Merry sighed and continued to chop the onion for the casserole, the hum of the refrigerator and the occasional rumble of the icemaker her only company. She’d been reading the opening chapters of
Little Women
—first in the carpool lane at school and then later curled up in her favorite reading chair while the kids did their homework—and now dinner was behind schedule. But she was determined to finish the book this month and set a good example for the Knit Lit Society’s
newest member. And so now she was chopping onion double time, trying not to take off the tip of a finger in the process.

The sharp sting of the onion brought tears to her eyes, but she continued on, the knife hitting the butcher block with even, satisfying
thwacks
. The kids would hate this recipe. She didn’t know why she bothered.

A scarf. A wool scarf. She couldn’t think of anything more boring for the month’s knitting project. As for
Little Women
, well, she was determined to at least get an A for effort. She’d read the book once years ago and thrown it away in disgust, just as Jo March had thrown away her chance to marry her wealthy best friend Lawrence and instead settled for an old, rumpled German professor and a life of poverty. As a mature adult, Merry still wasn’t entirely convinced that the author had made her case for true love over deprivation and hardship. Fortunately for Merry, she hadn’t been faced with that choice. Jeff had been her high school sweetheart, and he’d also been smart and ambitious enough to satisfy even Merry’s demanding mother.

Courtney appeared in the kitchen doorway and slouched against the frame. “Mom, where did you put my library book?” Like most thirteen-year-olds, Courtney believed that every glitch in her existence was due to her mother’s incompetence. Merry remembered feeling that way herself once upon a time, but these days she had newfound sympathy for her own mother.

“I haven’t seen your book. It’s not in your backpack?”

Courtney rolled her eyes and sighed as if Merry had just uttered the stupidest words ever to fall from the lips of a human being. “No, it’s not in my backpack. Would I have asked you where it was if it was in my backpack?!”

She should discipline her daughter for sassing her. Merry knew that. Courtney’s attitude had nosedived in recent months, but Merry was so tired and worried and confused and she’d been letting Courtney take advantage of her for so long that she didn’t know if she had the strength to enforce the rules now.

“Are you sure you brought it home from school?”

“Mom, if you’re not going to be helpful, just don’t say anything, okay?” Courtney spun away in a twirl of long hair and self-righteousness.
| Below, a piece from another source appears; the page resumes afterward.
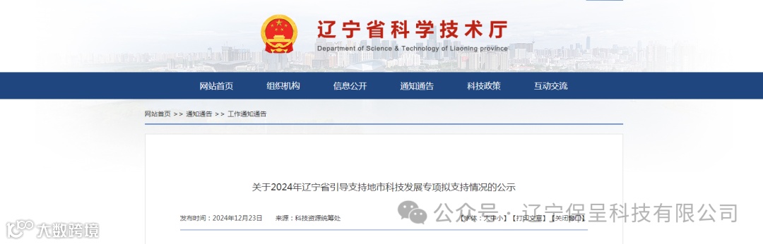 保呈快讯内容:关于《关于2024年辽宁省引导支持地市科技发展专项拟支持情况的公示》-内容分享

Merry scooped up the onion and dumped it into the bowl with the chicken and rice mixture. She’d clipped the recipe out of
Southern Living
several months ago. The kids would certainly have preferred McDonald’s or even frozen chicken nuggets, but every once in a while, she made herself prepare a home-cooked meal and forced her kids to eat it.

“Mom! Where’s my uniform? Did you wash it?” Jake came tearing into the kitchen and then slid across the Brazilian slate floor in his stocking feet before coming to a stop with a bang against the custom white pine cabinets. “I’ve got a game tomorrow.”

“I told you to put your uniform in the laundry room if it needed to be washed. Where did you see it last?”

Jake shrugged. “I dunno. You can find it faster than I can anyway.”

Merry sniffed and wiped back onion tears. “All right. Let me get the casserole in the oven.” Sometimes it was just easier to do it herself.

“Casserole?” He made a gagging sound and clutched his stomach before sinking to the floor in a paroxysm of mock agony. “Don’t kill me before the game. My team needs me.”

Merry laughed. Jake’s sauciness didn’t hold the edge of contempt that Courtney’s did. He was honest to a fault but rarely judgmental. She wondered if the hormone poisoning that was puberty would turn Jake against her as it had Courtney.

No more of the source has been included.